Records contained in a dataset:
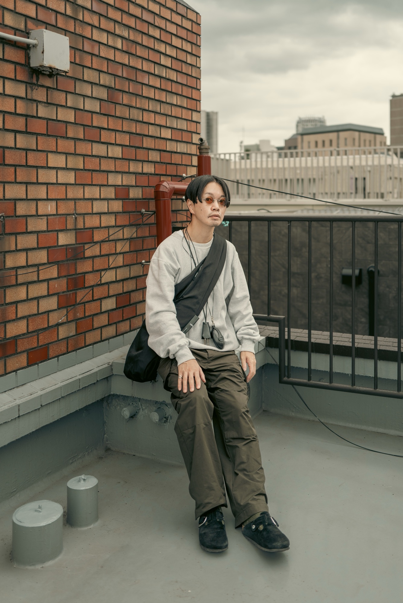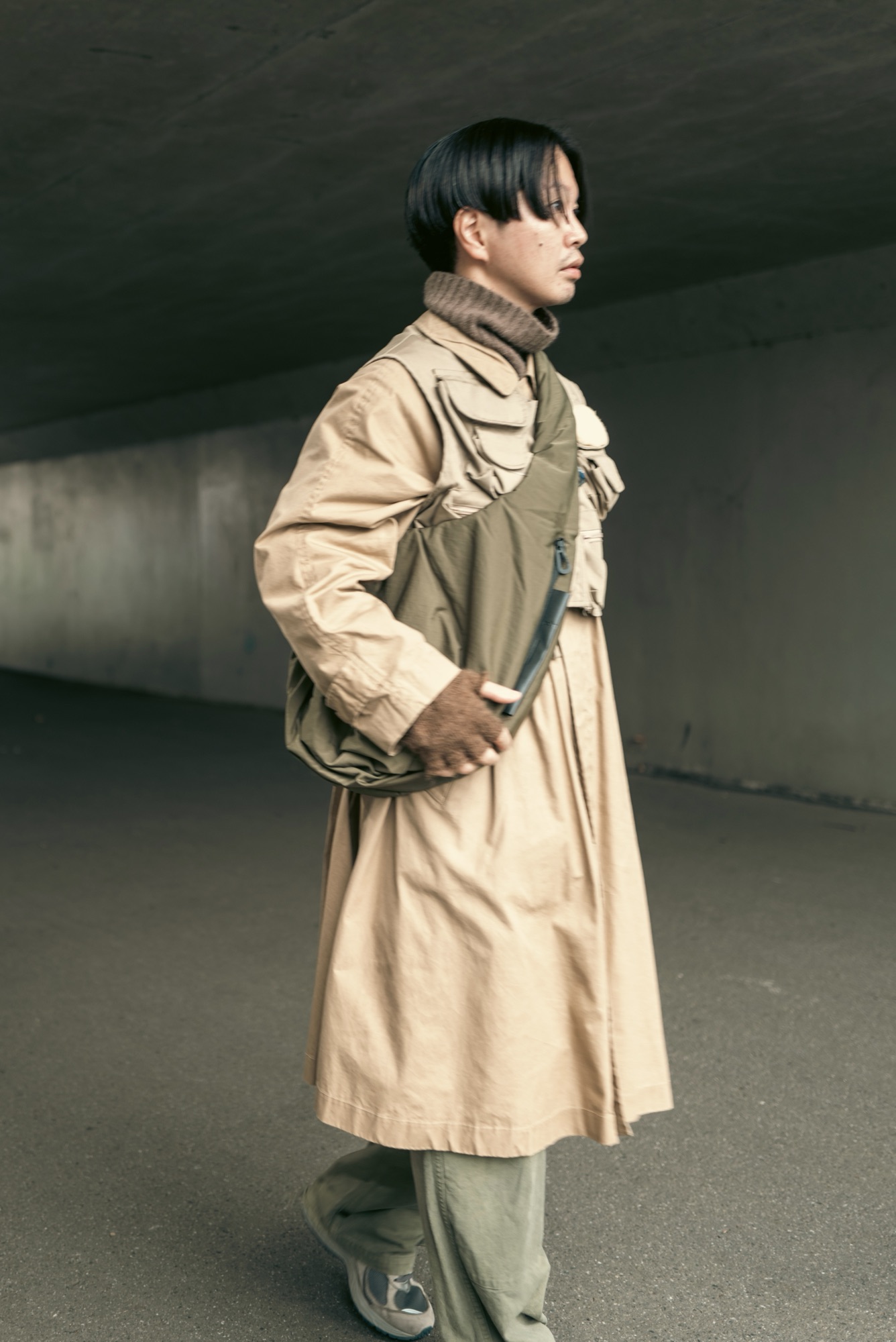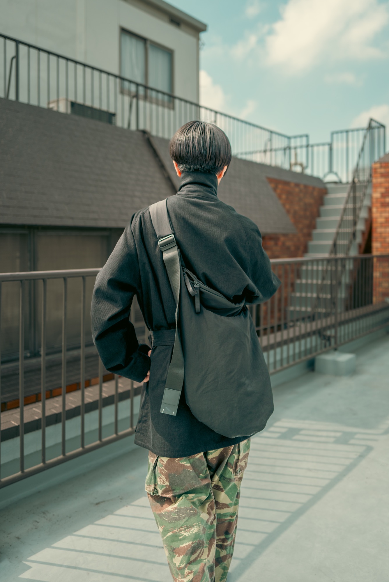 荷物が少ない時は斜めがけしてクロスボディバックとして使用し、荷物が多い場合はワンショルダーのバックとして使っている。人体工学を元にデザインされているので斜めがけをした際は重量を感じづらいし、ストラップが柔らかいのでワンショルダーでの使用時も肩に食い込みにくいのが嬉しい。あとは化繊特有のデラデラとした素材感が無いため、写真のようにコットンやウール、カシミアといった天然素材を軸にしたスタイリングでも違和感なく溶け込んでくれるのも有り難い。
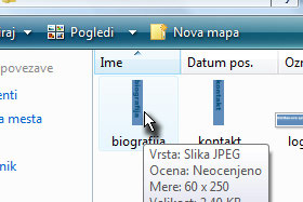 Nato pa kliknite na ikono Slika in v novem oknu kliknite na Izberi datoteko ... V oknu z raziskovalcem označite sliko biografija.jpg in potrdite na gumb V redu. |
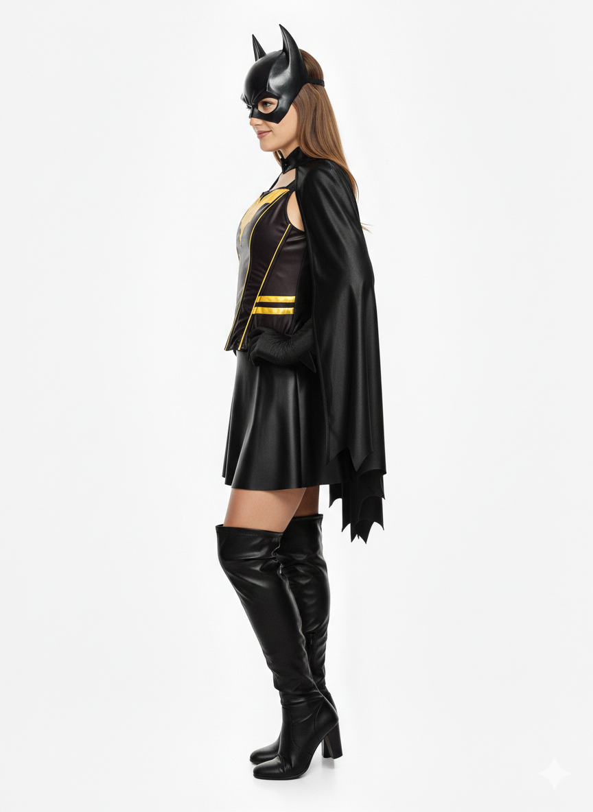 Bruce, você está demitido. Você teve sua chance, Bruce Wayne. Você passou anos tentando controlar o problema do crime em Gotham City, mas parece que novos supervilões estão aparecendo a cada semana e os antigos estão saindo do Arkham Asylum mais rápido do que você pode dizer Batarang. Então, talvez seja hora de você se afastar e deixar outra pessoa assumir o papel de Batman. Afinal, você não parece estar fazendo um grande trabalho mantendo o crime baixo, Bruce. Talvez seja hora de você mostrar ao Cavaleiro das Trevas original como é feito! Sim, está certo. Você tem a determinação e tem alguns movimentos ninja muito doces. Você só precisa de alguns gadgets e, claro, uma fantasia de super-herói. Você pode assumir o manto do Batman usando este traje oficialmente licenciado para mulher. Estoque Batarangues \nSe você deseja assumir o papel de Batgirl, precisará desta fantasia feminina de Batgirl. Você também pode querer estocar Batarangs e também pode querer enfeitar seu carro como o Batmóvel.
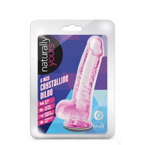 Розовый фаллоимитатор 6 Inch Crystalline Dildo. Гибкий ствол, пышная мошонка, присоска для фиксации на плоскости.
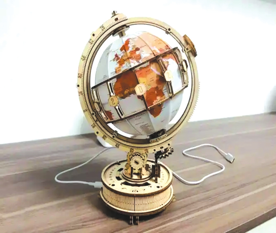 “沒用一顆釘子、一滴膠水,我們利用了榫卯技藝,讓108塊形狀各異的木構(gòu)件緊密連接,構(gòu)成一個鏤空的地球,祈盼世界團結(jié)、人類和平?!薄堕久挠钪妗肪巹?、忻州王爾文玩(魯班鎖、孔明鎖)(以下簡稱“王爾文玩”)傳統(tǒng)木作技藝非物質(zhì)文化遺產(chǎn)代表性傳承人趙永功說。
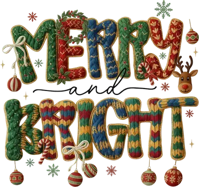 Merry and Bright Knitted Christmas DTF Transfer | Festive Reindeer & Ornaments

**Task goal**
Output the entries above exactly as given, but strip out the pictures.

**Reply to the task**
 荷物が少ない時は斜めがけしてクロスボディバックとして使用し、荷物が多い場合はワンショルダーのバックとして使っている。人体工学を元にデザインされているので斜めがけをした際は重量を感じづらいし、ストラップが柔らかいのでワンショルダーでの使用時も肩に食い込みにくいのが嬉しい。あとは化繊特有のデラデラとした素材感が無いため、写真のようにコットンやウール、カシミアといった天然素材を軸にしたスタイリングでも違和感なく溶け込んでくれるのも有り難い。
 Nato pa kliknite na ikono Slika in v novem oknu kliknite na Izberi datoteko ... V oknu z raziskovalcem označite sliko biografija.jpg in potrdite na gumb V redu. |
 Bruce, você está demitido. Você teve sua chance, Bruce Wayne. Você passou anos tentando controlar o problema do crime em Gotham City, mas parece que novos supervilões estão aparecendo a cada semana e os antigos estão saindo do Arkham Asylum mais rápido do que você pode dizer Batarang. Então, talvez seja hora de você se afastar e deixar outra pessoa assumir o papel de Batman. Afinal, você não parece estar fazendo um grande trabalho mantendo o crime baixo, Bruce. Talvez seja hora de você mostrar ao Cavaleiro das Trevas original como é feito! Sim, está certo. Você tem a determinação e tem alguns movimentos ninja muito doces. Você só precisa de alguns gadgets e, claro, uma fantasia de super-herói. Você pode assumir o manto do Batman usando este traje oficialmente licenciado para mulher. Estoque Batarangues \nSe você deseja assumir o papel de Batgirl, precisará desta fantasia feminina de Batgirl. Você também pode querer estocar Batarangs e também pode querer enfeitar seu carro como o Batmóvel.
 Розовый фаллоимитатор 6 Inch Crystalline Dildo. Гибкий ствол, пышная мошонка, присоска для фиксации на плоскости.
 “沒用一顆釘子、一滴膠水,我們利用了榫卯技藝,讓108塊形狀各異的木構(gòu)件緊密連接,構(gòu)成一個鏤空的地球,祈盼世界團結(jié)、人類和平?!薄堕久挠钪妗肪巹?、忻州王爾文玩(魯班鎖、孔明鎖)(以下簡稱“王爾文玩”)傳統(tǒng)木作技藝非物質(zhì)文化遺產(chǎn)代表性傳承人趙永功說。
 Merry and Bright Knitted Christmas DTF Transfer | Festive Reindeer & Ornaments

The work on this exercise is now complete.